Ok, nearly there now. Peter, can you answer the previous question I asked on the 50 mins? Is it always 50 mins despite the starting SoC of the lithiums? Does it automatically come on again once the voltage drops back below a set value?

 

14 minutes ago, peterboat said:

Exactly this Tony, as we speak I am looking at my BM2 it is showing 13.4 volts [I have just boiled a kettle] its shows 15 amps going into the batteries which given the day is correct, if it stays like this at the end of the day it will read 13.6 volts and 0 amps going in [unless the fridge kicks in

Later I have to drain down my heat exchanger it hold 140 litres of pink antifreeze deep joy?

Now I am confused again. Has the bank dropped in SoC so the voltage is less than 13.4V so the solar is now charging? If so why isnt it at 13.8V?..........or is the 13.4V just because its very cloudy today?

5 minutes ago, WotEver said:

So, because it is a low-current source, it’s currently voltage limiting to keep maximum power output and then switching off on voltage, exactly as I described earlier. Once the voltage reaches 13.8V it will switch off. 

So it has nothing to do with 50 minutes, that’s simply how long it’s taking to raise the voltage to 13.8V. 

Posts crossed.

Now that does make sense. I understand the low-current source. So, can that then be extended to an alternator or a battery charger (rather than solar) and would it work if you are getting 30A plus in from solar?

 

[WotEver]

4 minutes ago, Dr Bob said:

can that then be extended to an alternator or a battery charger (rather than solar) and would it work if you are getting 30A plus in from solar?

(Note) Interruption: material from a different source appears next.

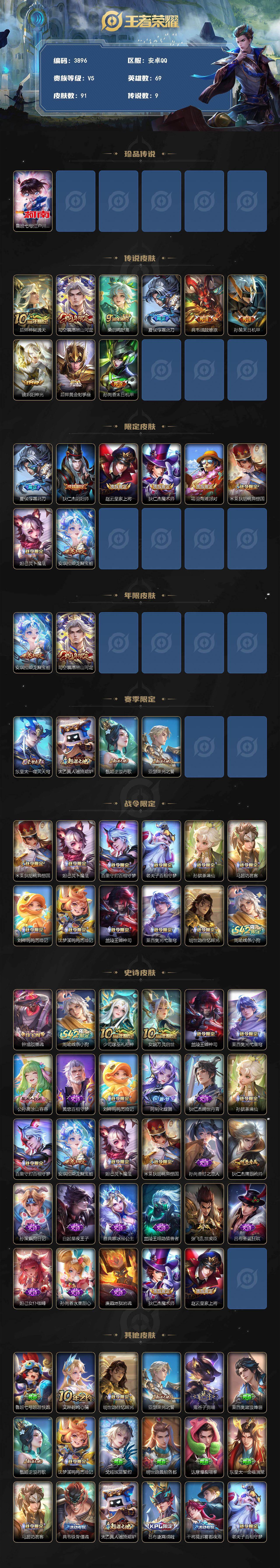 安卓Q-V5-至尊星耀IV段位-69英雄-91皮肤-1珍品传说-9传说-27史诗

Not safely, no, not without integrating the monitoring of a BMS, for the reasons already explained. 

 

There is a reason that Victron and Mastervolt have developed integrated systems and why certain suppliers will not sell to DIYers. 

[Dr Bob]

43 minutes ago, WotEver said:

 

I think you’ll find that he says that HVC and LVC shouldn’t be used to switch off the charge source. They are last-resort settings. Certainly the BMS and charger should talk to each other and decide when to stop charging. Once again we’re back to a ‘system’ such as Victron’s solution. 

 

 

I fully understand this point and it is obviously one way to go. What about the DIY solution? The American does say that the charging device should be making the decisions, if I have read it correctly. It is interesting Peter and others are using charging devices not designed by the BMS manufacture (I think that is the case?). I think you have answered this in your previous posts by saying it is via low current sources.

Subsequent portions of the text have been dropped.